▶ _TASK INSTRUCTIONS_:
Output all of the data below without changing a word, and exclude the pictures.

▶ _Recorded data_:
━━━━

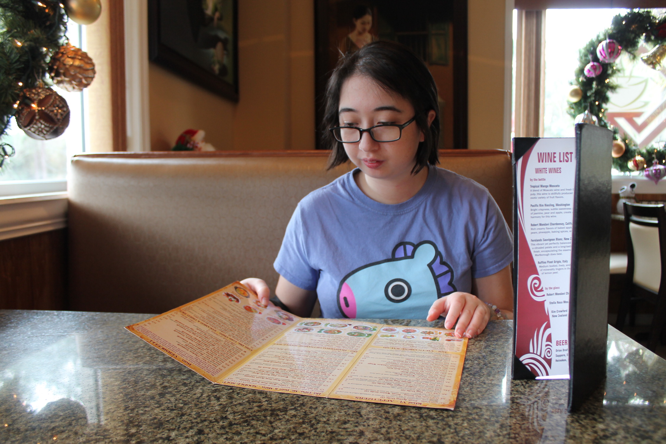 메뉴를 보고 있다.
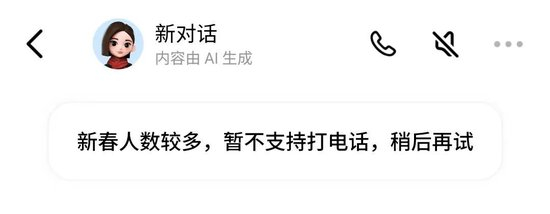 2月16日,第一财经记者发现,豆包 APP 目前暂停了视频通话功能,页面显示“新春人数较多,暂不支持此功能”,或因算力压力所致。今日除夕,豆包将通过总台春晚进行红包互动。截至发稿,字节跳动方面暂未回应。
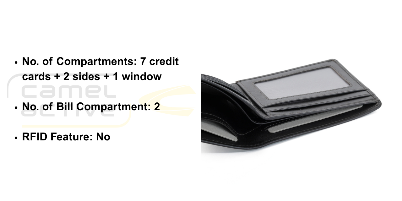 No. of Compartments: 7 credit cards + 2 sides + 1 window
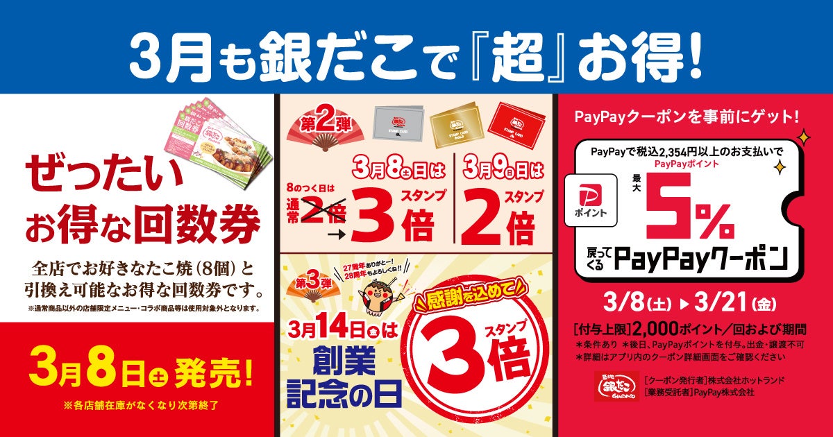 ※3月8日・14日に回数券を購入すると、 「PayPay」 でのお支払いで5%ポイント付与に加え、銀だこスタンプカードのスタンプが3倍付与
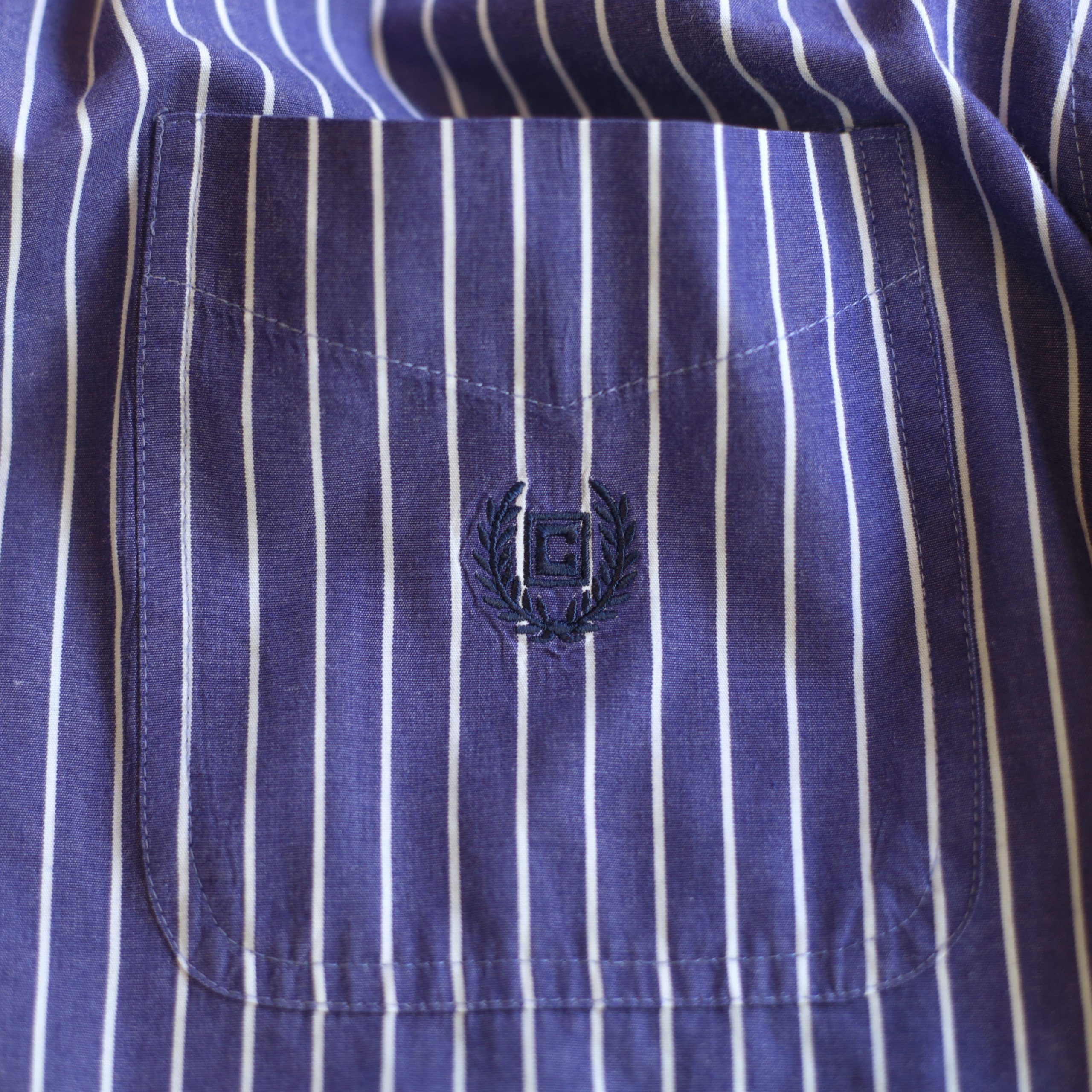 配色的にもパープルをミックスしたような風合い良いネイビーにホワイトのペンストライプ柄、
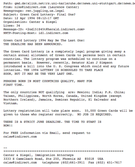 By 1994, the internet had undergone a notable shift away from computer science professionals to the general population, and away from the noncommercial order that had previously defined the net.41 Two immigration lawyers, a husband-and-wife law firm run by Laurence Canter and Martha Siegel, were eager to capitalize on this transition. Congress had recently devised the Green Card Lottery program to diversify immigration to the US, and less scrupulous lawyers like Canter and Siegel charged high fees in exchange for filing lottery entries for immigrants. On April 12, 1994, Canter and Siegel flooded Usenet newsgroups with messages promoting their services. Canter and Siegel had paid a programmer to write a basic script that pulled the names of all the newsgroups on a particular server and sent the message to each of them. It took one to two hours for the script to run its cycle and for Canter and Siegel’s message to be posted on nearly every newsgroup on Usenet.
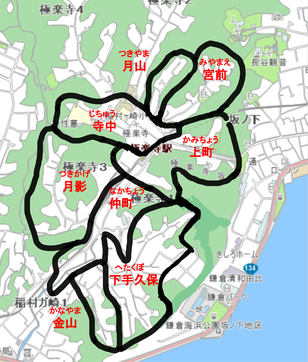 第4条 (構 成) この会は、下にあげる極楽寺および稲村ケ崎の諸地区居住者で、所定の会費を納入する者をもって構成する。 地区名:上町、宮前、月山、寺中、仲町、月影、下手久保、金山
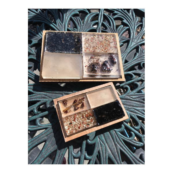 Clay and other materials contained within resin, displayed on a wood tray, to symbolize the various kinds of soil the seeds landed on
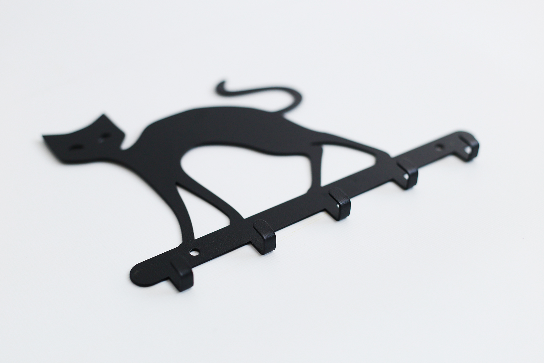 Вішалка для любителів котів. Його можна встановити в холі, ванній або офісі. Наші вішалки виготовлені з міцного листового металу товщиною 1 мм, що характеризується довговічністю вище середнього. Додатковою перевагою є порошкове фарбування з обох сторін, що дозволить насолоджуватися красою нової вішалки роками. Вішалка постачається з двостороннім скотчем, а два отвори дозволяють кріпити її за допомогою монтажних шпильок.
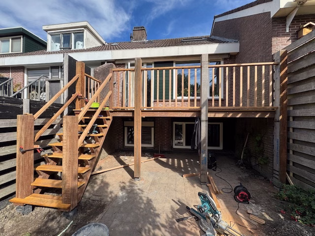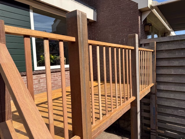 Een maatwerk hardhouten terrasvlonder in Anna Paulowna, duurzaam gebouwd met stevige trap en balustrade. Het verhoogde terras biedt een prachtig uitzicht over de tuin en is uitgevoerd in vlonderhout dat lang meegaat, perfect passend bij de woning en omgeving.
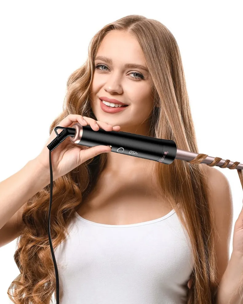 Equipped with negative ion technology, this curler reduces frizz, seals moisture, and protects your hair’s natural shine during styling. The gentle heat distribution ensures even temperature control, preventing hot spots that cause damage.
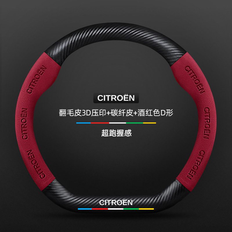 • 스웨이드 3D 엠보싱 + 탄소섬유 가죽 + 버건디 D자형 + 라벨 없음 [뉴 D자형] [시트로]
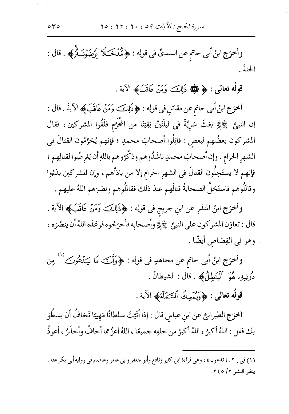 وأخرج ابن جرير ، وَابن المنذر ، وَابن أبي حاتم من طرق عن ابن عباس في قوله {هو سماكم المسلمين من قبل} قال الله عز وجل {سماكم}.
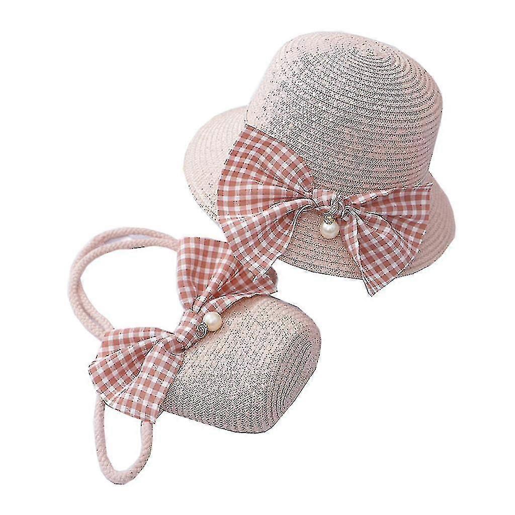 Girls Crossbody Bag Wide Brim Straw Weaving Bucket Hat Summer Outdoor Cap
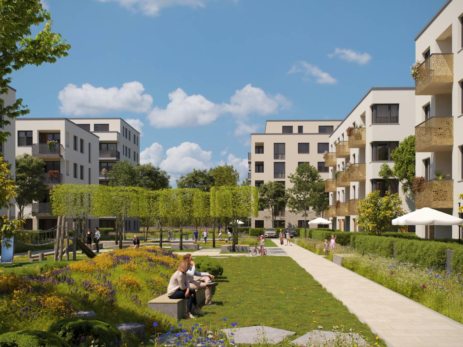 Das bisher weitestgehend versiegelte Grundstück wird mit einem kleinen Park, einem Quartierplatz, zahlreichen Spielflächen und einer nahezu vollständigen Dachbegrünung auch ökologisch deutlich aufgewertet.
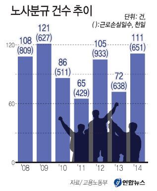 18일 고용노동부에 따르면 작년의 노사분규 건수는 모두 111건으로 전년보다 39건(54.2%) 늘었다.
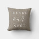 A fazenda moderna Abençoa O Nosso travesseiro decorativo Ninho. Observe que a sutil textura de fundo da burlap faz parte do design impresso e o produto não é feito de tecido real. Clique no botão Personalizar para adicionar o seu próprio texto e selecione em todos os nossos estilos de travesseiro para criar o seu único e único design!
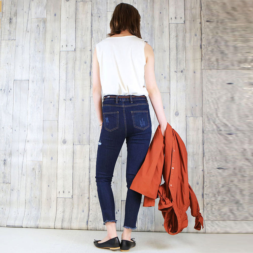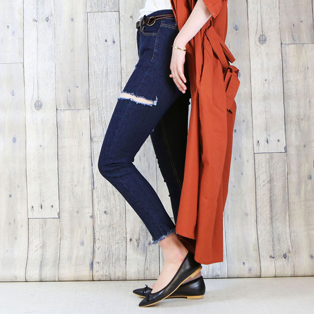 素材には、伸縮性に優れたデニム生地を使用している為、 窮屈感がなく長時間履いてもストレスを感じないスキニーパンツ。 股下丈は長すぎないので、足首に溜まることがなくすっきりと履いて頂けます。 Tシャツやトレーナー、パーカーと合わせて

━━━━

▶ _SOLVED PROBLEM_:
 메뉴를 보고 있다.
 2月16日,第一财经记者发现,豆包 APP 目前暂停了视频通话功能,页面显示“新春人数较多,暂不支持此功能”,或因算力压力所致。今日除夕,豆包将通过总台春晚进行红包互动。截至发稿,字节跳动方面暂未回应。
 No. of Compartments: 7 credit cards + 2 sides + 1 window
 ※3月8日・14日に回数券を購入すると、 「PayPay」 でのお支払いで5%ポイント付与に加え、銀だこスタンプカードのスタンプが3倍付与
 配色的にもパープルをミックスしたような風合い良いネイビーにホワイトのペンストライプ柄、
 By 1994, the internet had undergone a notable shift away from computer science professionals to the general population, and away from the noncommercial order that had previously defined the net.41 Two immigration lawyers, a husband-and-wife law firm run by Laurence Canter and Martha Siegel, were eager to capitalize on this transition. Congress had recently devised the Green Card Lottery program to diversify immigration to the US, and less scrupulous lawyers like Canter and Siegel charged high fees in exchange for filing lottery entries for immigrants. On April 12, 1994, Canter and Siegel flooded Usenet newsgroups with messages promoting their services. Canter and Siegel had paid a programmer to write a basic script that pulled the names of all the newsgroups on a particular server and sent the message to each of them. It took one to two hours for the script to run its cycle and for Canter and Siegel’s message to be posted on nearly every newsgroup on Usenet.
 第4条 (構 成) この会は、下にあげる極楽寺および稲村ケ崎の諸地区居住者で、所定の会費を納入する者をもって構成する。 地区名:上町、宮前、月山、寺中、仲町、月影、下手久保、金山
 Clay and other materials contained within resin, displayed on a wood tray, to symbolize the various kinds of soil the seeds landed on
 Вішалка для любителів котів. Його можна встановити в холі, ванній або офісі. Наші вішалки виготовлені з міцного листового металу товщиною 1 мм, що характеризується довговічністю вище середнього. Додатковою перевагою є порошкове фарбування з обох сторін, що дозволить насолоджуватися красою нової вішалки роками. Вішалка постачається з двостороннім скотчем, а два отвори дозволяють кріпити її за допомогою монтажних шпильок.
 Een maatwerk hardhouten terrasvlonder in Anna Paulowna, duurzaam gebouwd met stevige trap en balustrade. Het verhoogde terras biedt een prachtig uitzicht over de tuin en is uitgevoerd in vlonderhout dat lang meegaat, perfect passend bij de woning en omgeving.
 Equipped with negative ion technology, this curler reduces frizz, seals moisture, and protects your hair’s natural shine during styling. The gentle heat distribution ensures even temperature control, preventing hot spots that cause damage.
 • 스웨이드 3D 엠보싱 + 탄소섬유 가죽 + 버건디 D자형 + 라벨 없음 [뉴 D자형] [시트로]
 وأخرج ابن جرير ، وَابن المنذر ، وَابن أبي حاتم من طرق عن ابن عباس في قوله {هو سماكم المسلمين من قبل} قال الله عز وجل {سماكم}.
 Girls Crossbody Bag Wide Brim Straw Weaving Bucket Hat Summer Outdoor Cap
 Das bisher weitestgehend versiegelte Grundstück wird mit einem kleinen Park, einem Quartierplatz, zahlreichen Spielflächen und einer nahezu vollständigen Dachbegrünung auch ökologisch deutlich aufgewertet.
 18일 고용노동부에 따르면 작년의 노사분규 건수는 모두 111건으로 전년보다 39건(54.2%) 늘었다.
 A fazenda moderna Abençoa O Nosso travesseiro decorativo Ninho. Observe que a sutil textura de fundo da burlap faz parte do design impresso e o produto não é feito de tecido real. Clique no botão Personalizar para adicionar o seu próprio texto e selecione em todos os nossos estilos de travesseiro para criar o seu único e único design!
 素材には、伸縮性に優れたデニム生地を使用している為、 窮屈感がなく長時間履いてもストレスを感じないスキニーパンツ。 股下丈は長すぎないので、足首に溜まることがなくすっきりと履いて頂けます。 Tシャツやトレーナー、パーカーと合わせて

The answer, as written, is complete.